SSO Account Configuration

Allows you to use AFT (Account Factory for Terraform) to declaratively specify SSO Group and SSO User access to an account in the following way:

module "john-doe-account" {
  source = "./modules/aft-account-request"
  control_tower_parameters = {
    AccountEmail              = "[email protected]"
    AccountName               = "JohnDoeAccount"                                
    ManagedOrganizationalUnit = "Sandbox"  
    SSOUserEmail              = "[email protected]"
    SSOUserFirstName          = "Admin"
    SSOUserLastName           = "User"
  }

  custom_fields = {
    "sso_groups" = jsonencode({
      "an-sso-group-you-have-defined" = ["DeveloperAccess", "AWSReadOnlyAccess"]
      "another-sso-group"             = ["SomeOtherPermissionSet", "AnotherPermissionSet"]
      "yet-another-sso-group"         = "YetAnotherPermissionSet"
    })
    "sso_users" = jsonencode({
      "[email protected]"          = ["FooAccess", "BarAccess", "BazAccess"]
      "[email protected]"          = "AWSReadOnlyAccess"
    })
  }
}

Furthermore, if you provide a value for the parameter CloudAdministrationGroupName, this SSO group will be automatically added to all accounts, with the permissions given in the parameter CloudAdministrationGroupPermissionSets, defaulting to "AWSAdministratorAccess,AWSReadOnlyAccess".

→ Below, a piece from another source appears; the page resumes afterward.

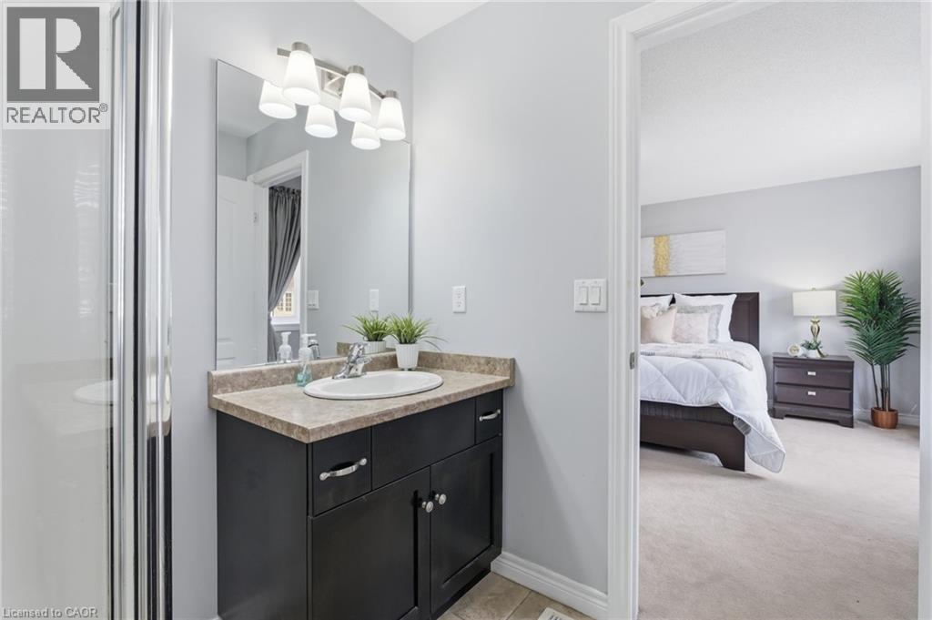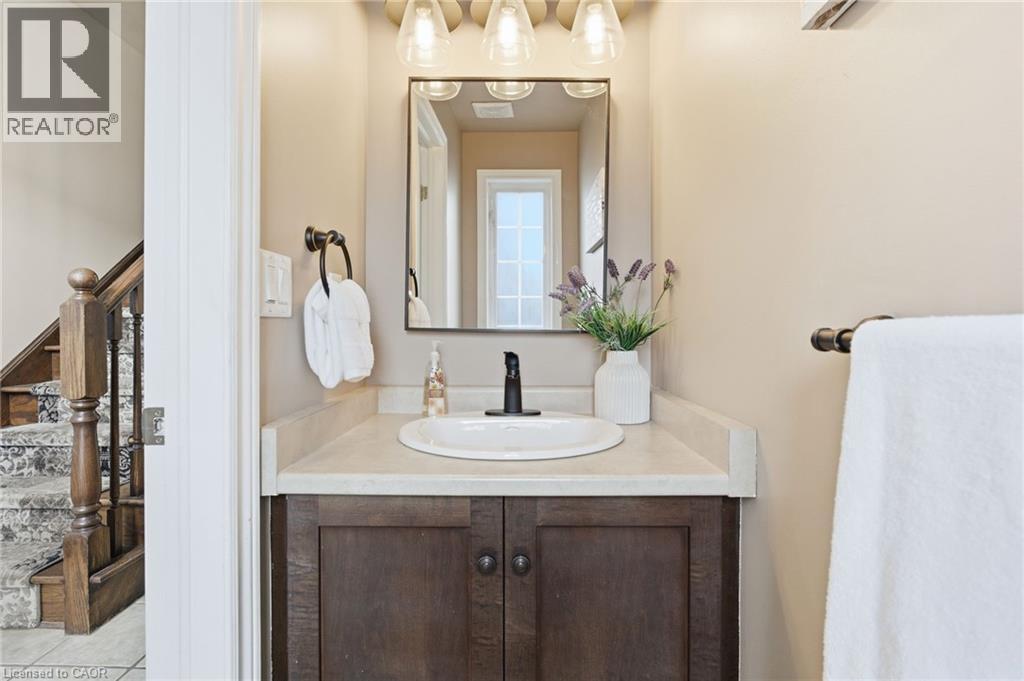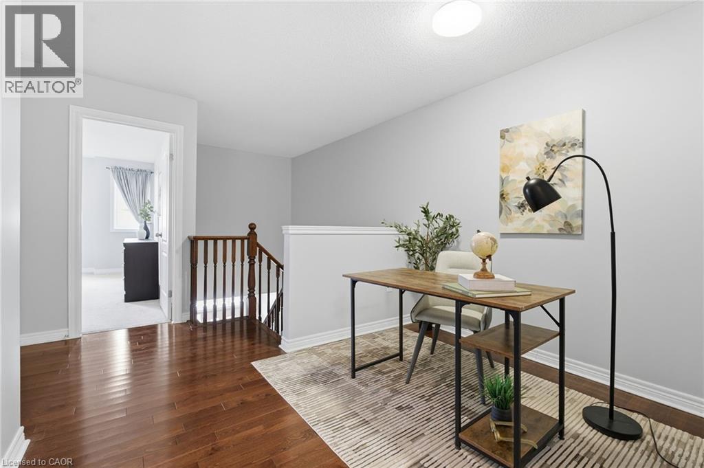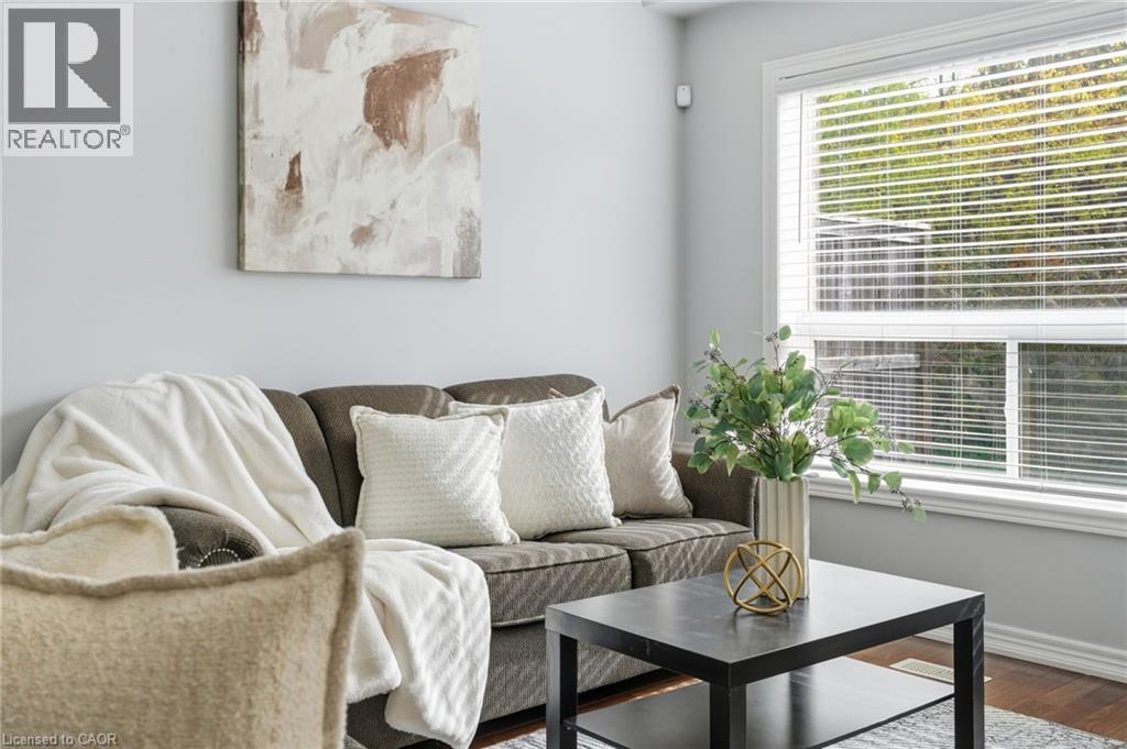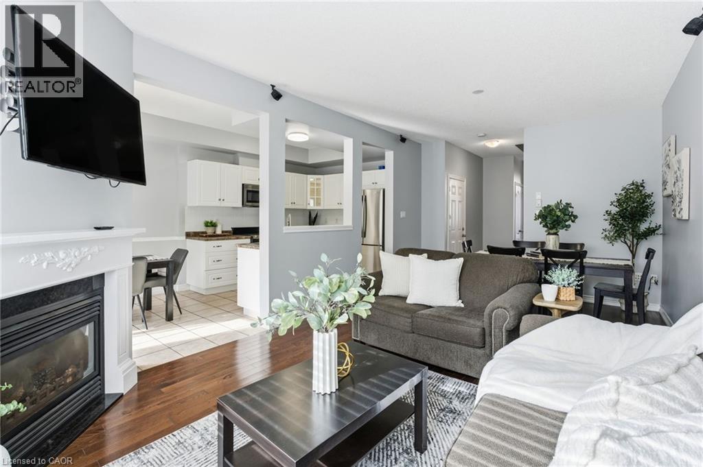 Designed for busy lifestyles, this 3-bedroom, 4-bath townhome offers the perfect balance of comfort and convenience. The main floor is open and bright, featuring 9-foot ceilings, large windows, and a gas fireplace for cozy winter nights. Step out to your private deck overlooking greenspace — with no backyard neighbours and minimal upkeep. Upstairs, enjoy bedroom-level laundry, a flexible loft area, and a spacious primary suite with an ensuite bathroom and walk in closet. The finished basement with a 2-piece bath is ideal for a huge rec room, guest space, or kids’ play zone. Low maintenance fees cover snow removal and lawn care, so weekends are yours to enjoy. Walkable to shops, restaurants, and essentials, plus quick highway connections, this home fits seamlessly into a busy schedule. Move-in ready and built for real life — this is low maintenance Ancaster living. RSA (id:4069)

NB: Any group or user assignments not explicitly mentioned will be deleted automatically, except for the groups AWSSecurityAuditors, AWSControlTowerAdmins and AWSSecurityAuditPowerUsers. They are assigned by Service Catalog when Control Tower creates an account and should be left as is.

Installation

Deploy this SAM project in the organisation account, in your main region. All that's required is

sam build
sam deploy --guided

Subsequent deploys are done just by sam build && sam deploy.

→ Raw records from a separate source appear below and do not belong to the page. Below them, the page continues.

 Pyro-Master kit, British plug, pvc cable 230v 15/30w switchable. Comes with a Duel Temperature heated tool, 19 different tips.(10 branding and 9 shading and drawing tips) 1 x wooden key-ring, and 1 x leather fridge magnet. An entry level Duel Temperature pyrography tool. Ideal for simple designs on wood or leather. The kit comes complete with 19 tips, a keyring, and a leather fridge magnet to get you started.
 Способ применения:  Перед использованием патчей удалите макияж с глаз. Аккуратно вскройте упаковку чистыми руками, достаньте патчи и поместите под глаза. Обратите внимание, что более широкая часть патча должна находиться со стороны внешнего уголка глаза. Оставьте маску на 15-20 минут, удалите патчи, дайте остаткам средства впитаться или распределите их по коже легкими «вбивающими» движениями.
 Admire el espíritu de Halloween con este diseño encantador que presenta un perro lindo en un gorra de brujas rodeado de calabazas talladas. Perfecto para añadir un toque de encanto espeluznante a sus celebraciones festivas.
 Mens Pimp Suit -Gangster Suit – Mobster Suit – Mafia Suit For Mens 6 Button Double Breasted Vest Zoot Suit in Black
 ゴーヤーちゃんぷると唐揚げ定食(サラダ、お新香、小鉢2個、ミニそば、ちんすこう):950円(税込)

To activate, put the following in your aft-global-customizations repo, in pre-api-helpers.sh in the api_helpers directory. Substitute the --topic-arn value for the SNS topic.

#!/bin/bash -e
# Copyright Amazon.com, Inc. or its affiliates. All Rights Reserved.
# SPDX-License-Identifier: Apache-2.0
#

echo "Executing Pre-API Helpers"

ACCOUNT_ID=$(aws sts get-caller-identity --query Account --output text)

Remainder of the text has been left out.